DIG4EL: Computer-assisted generation of didactic grammars for endangered languages
Presenter(s)
Affiliation
Topic
Intersection of research, theory, and practice
Type
Papers
Abstract
This communication aims at presenting an effort supporting the teaching and learning of endangered languages by providing a dedicated method and software to facilitate the creation of didactic grammars. Over 60% of the world’s languages are documented only by basic grammatical sketches, making such pedagogical material a rare occurrence. Developing explicit grammatical competence is important for second-language learners, as relying solely on naturalistic learning approaches may not yield advanced language proficiency. Efforts to design systems that produce automated grammatical descriptions have been well-received by teachers. However, these systems are primarily designed for linguists and can only support languages with substantial corpora and existing documentation.

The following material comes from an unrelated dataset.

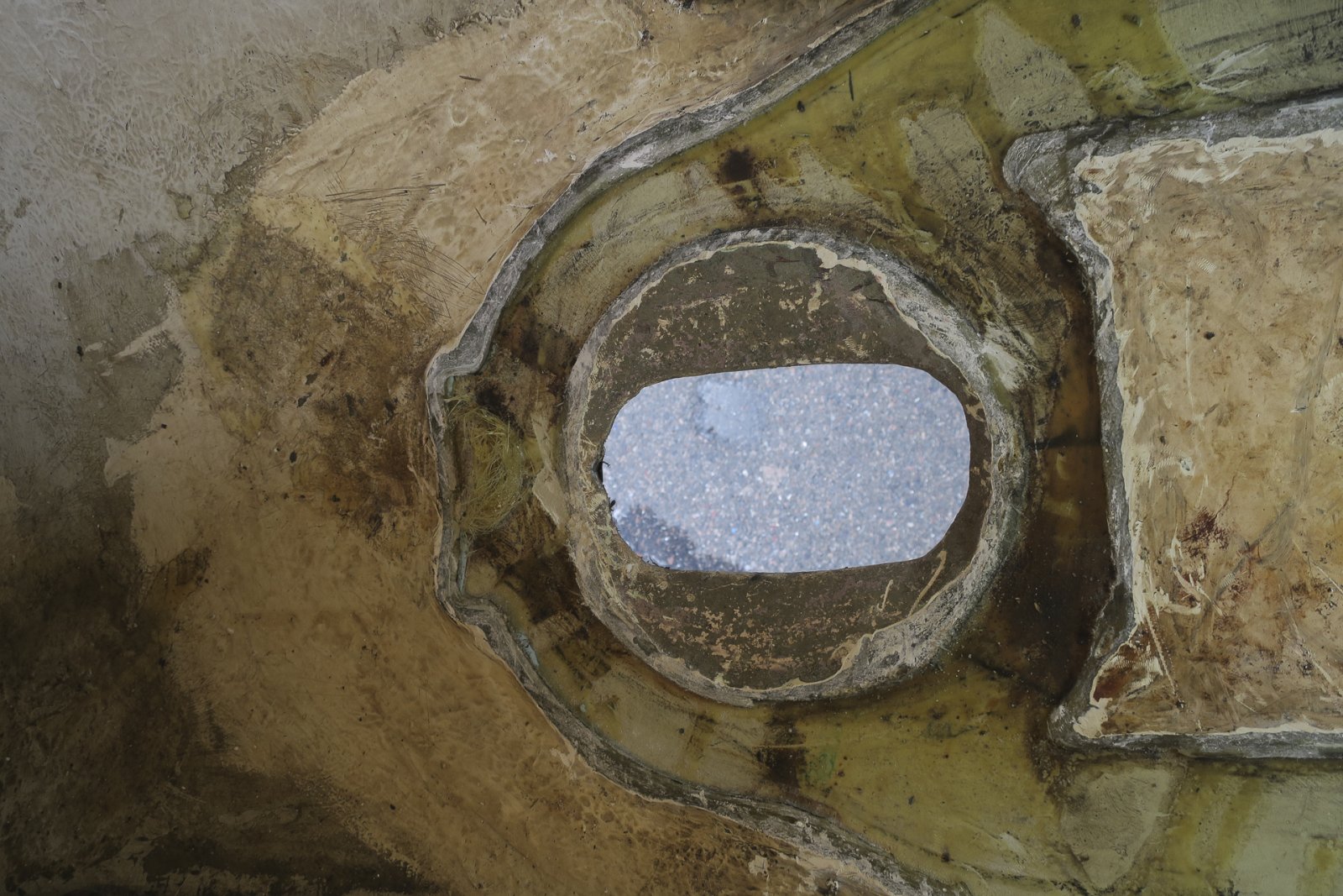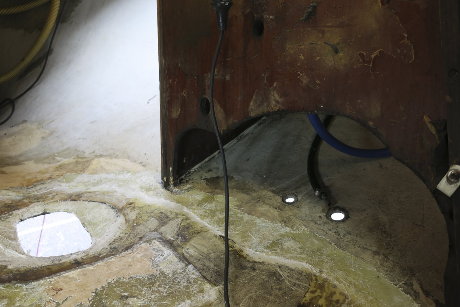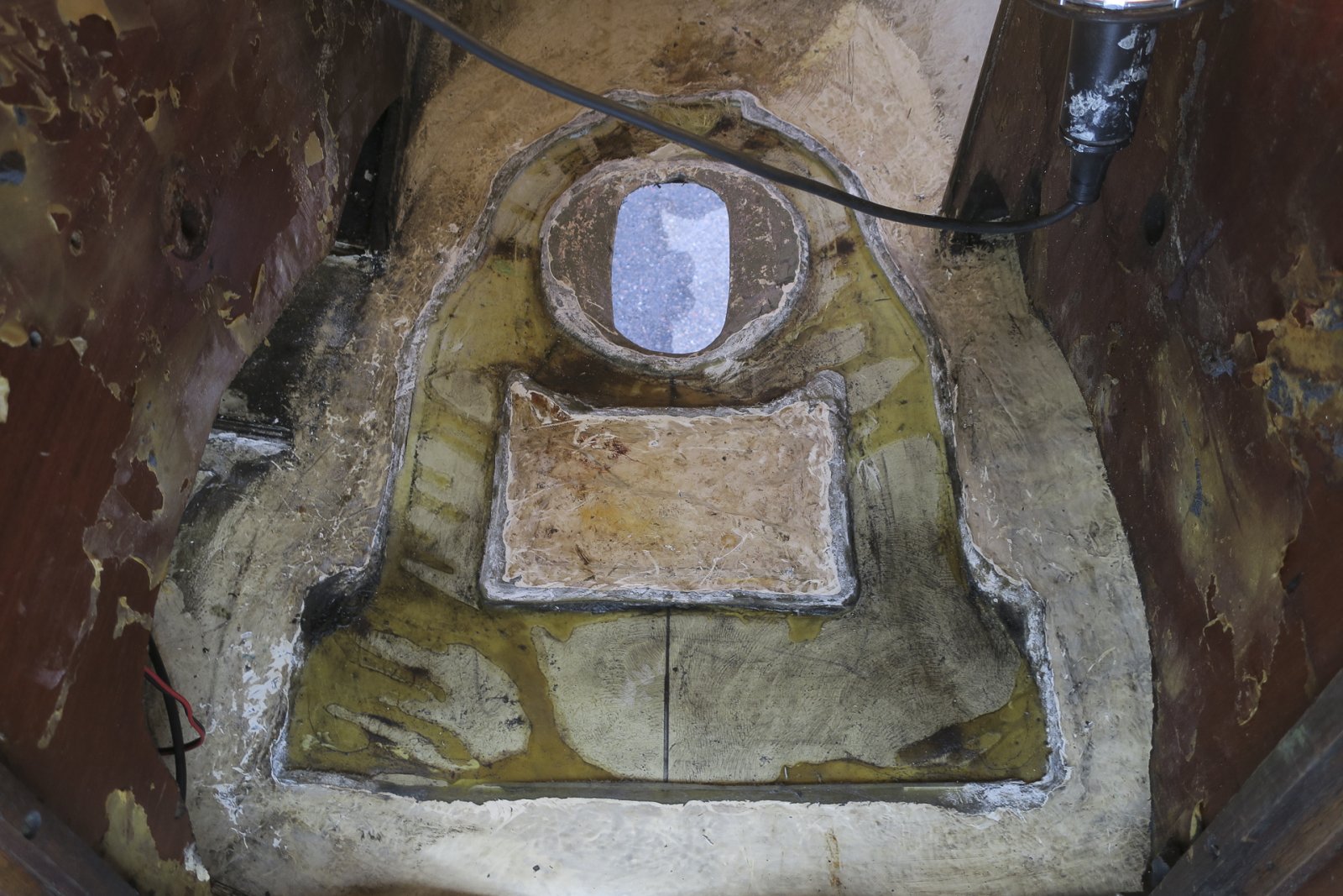 Det som nu återstår är att fasa av kanten på det gamla drevhålet, både från in och utsida innan det kan plastas igen.

Our method and software, Digital Inferential Grammars for Endangered Languages (DIG4EL), enable the creation of didactic content with minimal resources, even for languages without a pre-existing digital corpus. This is achieved through a combination of:
• A robust theoretical framework based on the Radical Construction Grammar of William Croft.
• The guided collection of rich grammatical data using the Conversational Questionnaires method of Alexandre Francois.
• The wealth of descriptive data accumulated by linguists, beginning with the data contained in the World Atlas of Language Structures (WALS) and Grambank.
• Insights from neuroscience and second-language acquisition research, particularly concerning endangered languages.
• Dedicated Natural Language Processing algorithms combining Abstract Grammatical Representation, Bayesian Networks and Loopy Belief Propagation.
An initial focus on the description of canonical word order demonstrates that DIG4EL correctly infers 75% of unknown parameters related to word order across the 116 languages in WALS that provide sufficient parameters for testing. An experimental version of DIG4EL is already online and used with Oceanic languages by linguists and language teachers.
All algorithms, methods, and software code are made publicly available and adhere to the principles of FAIR data and the CARE principles for Indigenous data governance.